#ubuntu-fridge 2007-02-05
<ubotu> New on thefridge: UbuCon New York <http://fridge.ubuntu.com/node/741> || Ubuntu Live Conference <http://fridge.ubuntu.com/node/740>
#ubuntu-fridge 2007-02-06
<jenda> sladen: ping
<jenda> do you know anything about the current state of the UWN? I've got a guy asking for help, but can't offer any.
#ubuntu-fridge 2007-02-07
<ausimage> I want to ask about the fridge calendar and learn if it would be possible to do something with it....
<ausimage> As you may know I am with the Scribes Team...
<ausimage> We exploring calendar options to hold a list of meetings in the community...
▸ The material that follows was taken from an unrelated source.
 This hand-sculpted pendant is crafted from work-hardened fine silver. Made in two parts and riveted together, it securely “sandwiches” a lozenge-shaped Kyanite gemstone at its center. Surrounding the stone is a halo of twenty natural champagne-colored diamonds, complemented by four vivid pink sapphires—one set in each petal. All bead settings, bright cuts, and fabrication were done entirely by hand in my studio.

<ausimage> As I understand the Fridge Calendar is currently only for #ubuntu-meeting
<ausimage> but I want to explore with you about extending that....
<ausimage> ??
<ausimage> When someone has time I would enjoy chatting on this... just IM me THANKS
<jenda> sladen: unping, problem solved.
<rpereira> Hi, everybody.
<rpereira> Ubuntu won a prize in Brazil (Software of the Year 2006) and I would like to post this on frigde.ubuntu.com
<rpereira> What do I have to do?
<rpereira> I've already posted on UWN.
#ubuntu-fridge 2007-02-08
<ausimage> anybody awake tonight???
<ausimage> jenda:???
<ausimage> I want talk with someone about the fridge calendar....
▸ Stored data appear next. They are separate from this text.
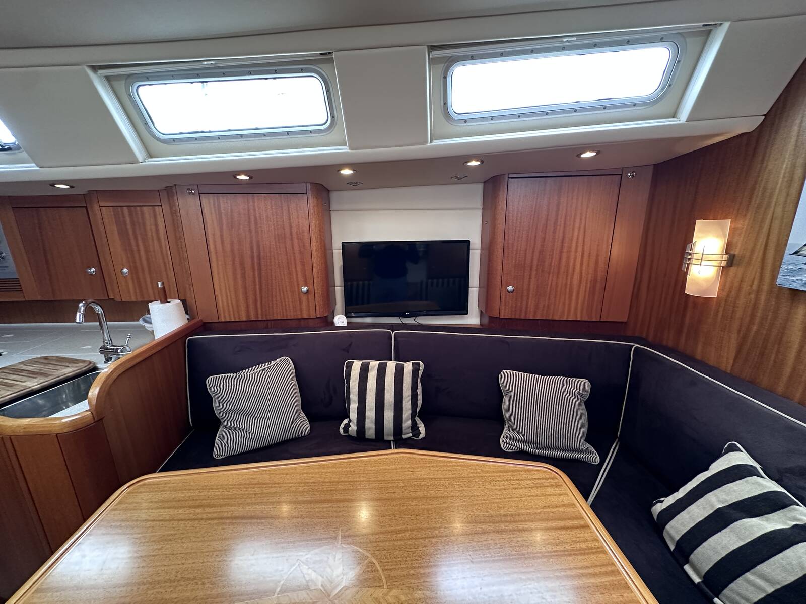 High quality varnish finish to cockpit dining table, also on all area around companion way and to the companion way hatch.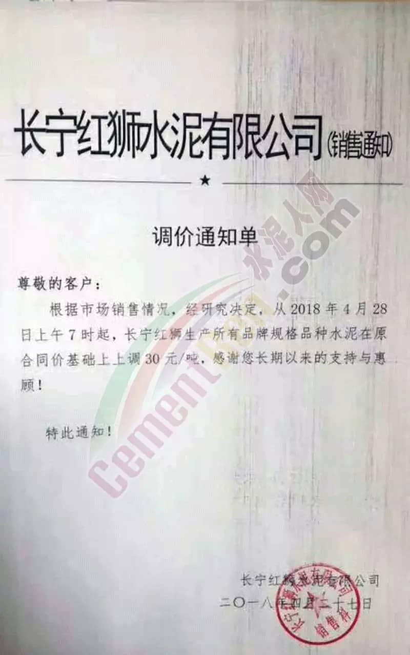 長寧紅獅水泥通知4月28日上午7點(diǎn)各品種水泥上調(diào)30元/噸。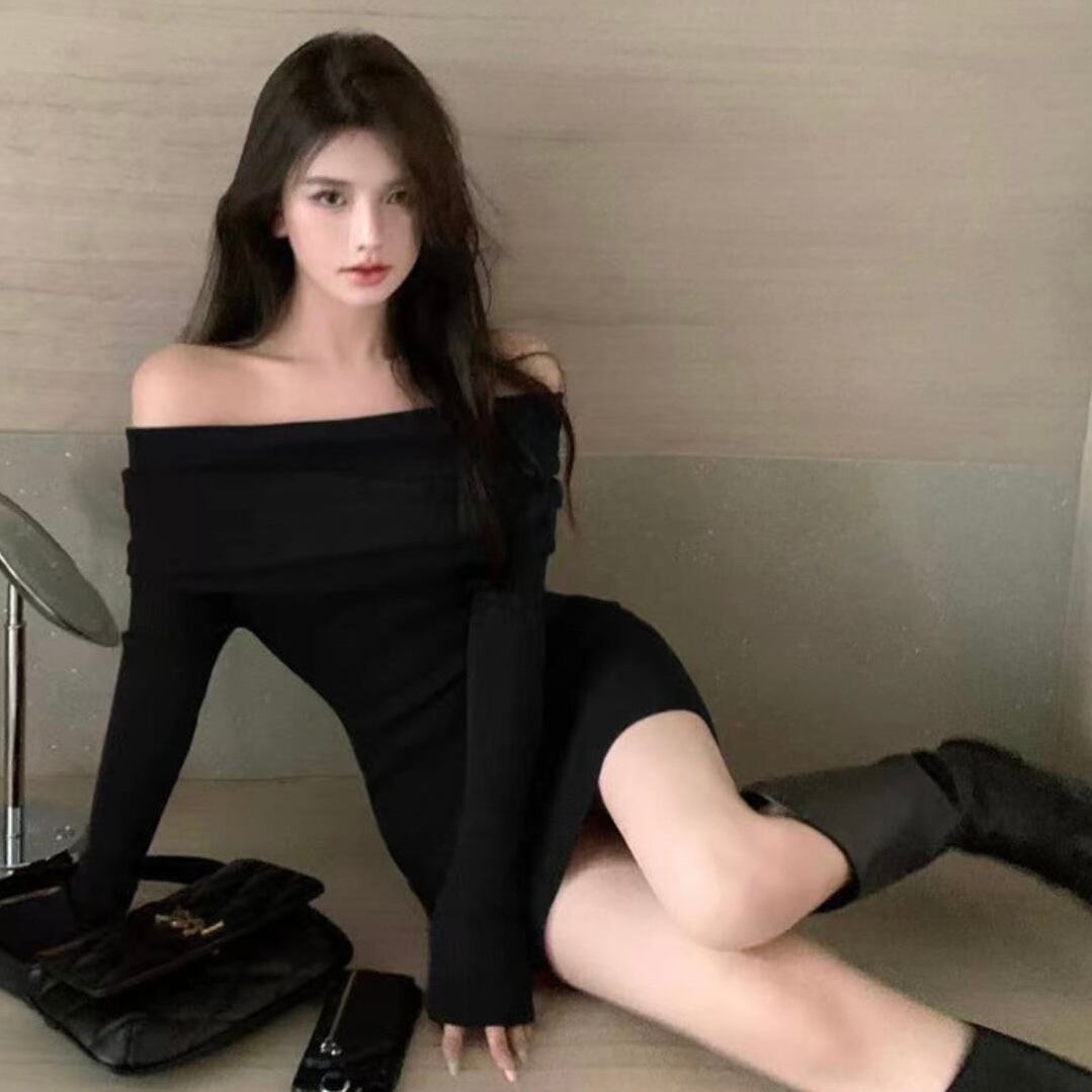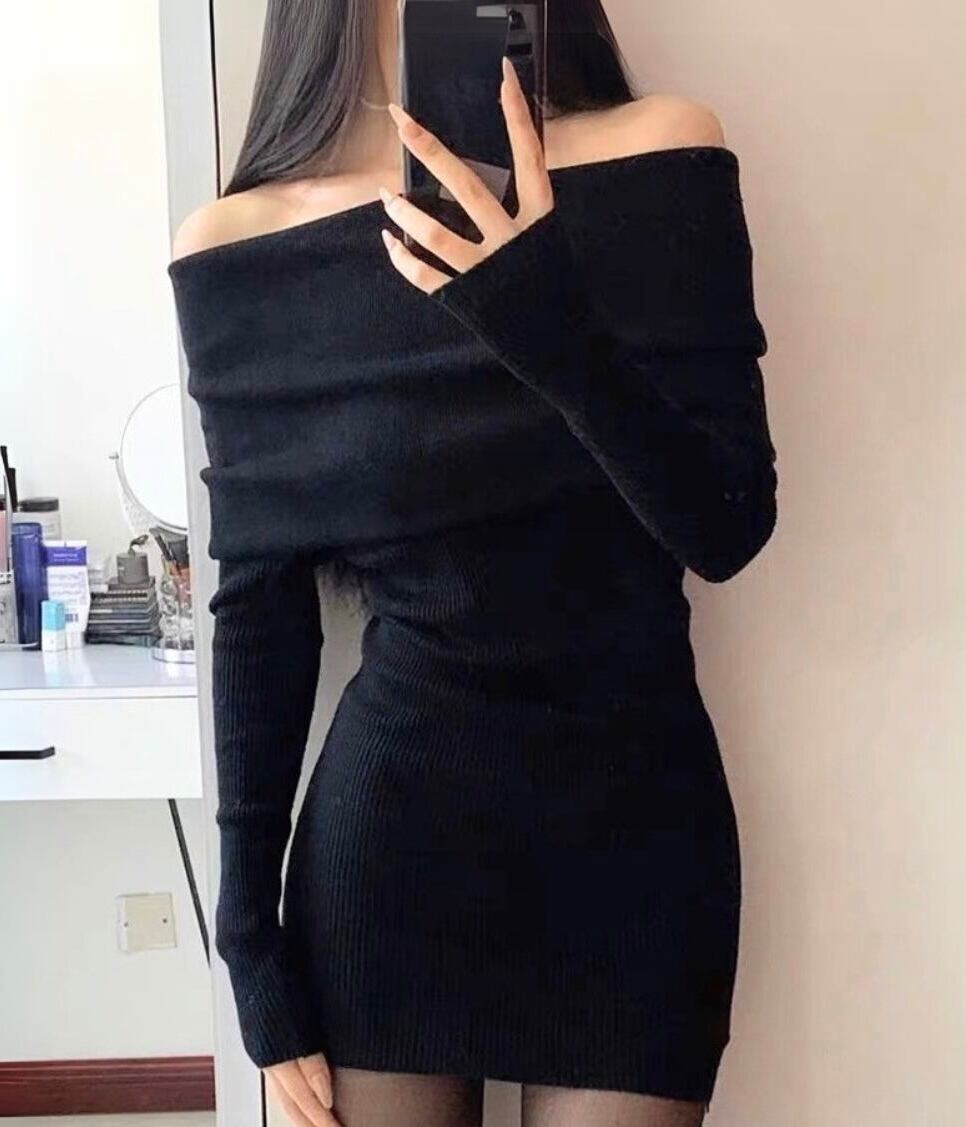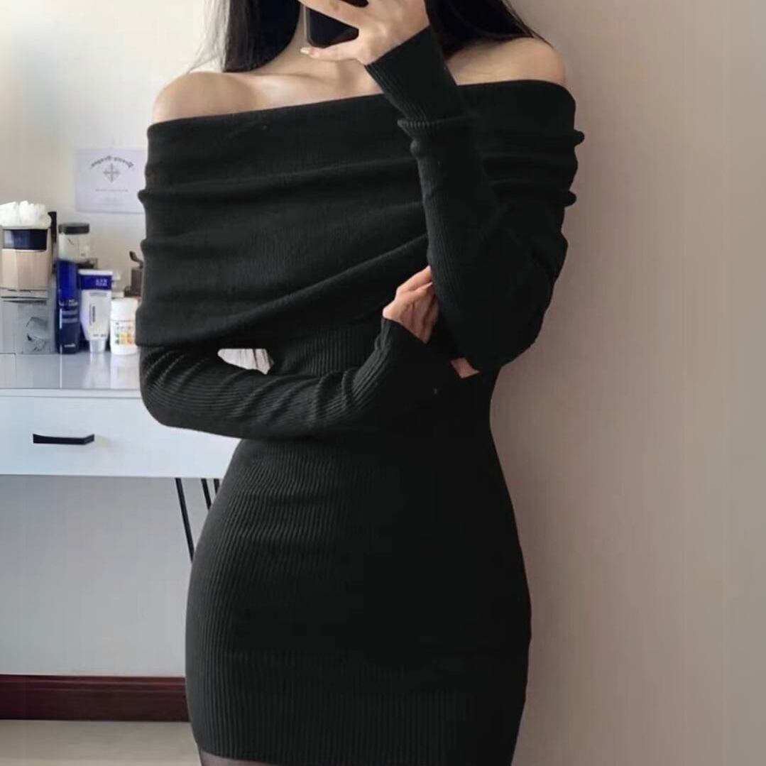 【dress】オフショルダーリブニットタイトミニワンピース KQ0337

<ausimage> you get my email address from w.u.c/Ausimage. I would love to speak to the person running the calendar... thanks...
<ausimage> BTW I may or may not be on IRC you can try PM'ing me as well... or leave a messeage in #ubuntu-scribes... thank you again... hope to hear from one of you...
#ubuntu-fridge 2008-02-05
<allin> hi!
<allin> hi can someone help me?
#ubuntu-fridge 2008-02-06
<RichEd> hi there cool people ;) anyone got a minute to add a meeting event onto the schedule for me ?
<mrevell> RichEd: What's the channel for the Edubuntu meeting and is there an agenda you want me to link to?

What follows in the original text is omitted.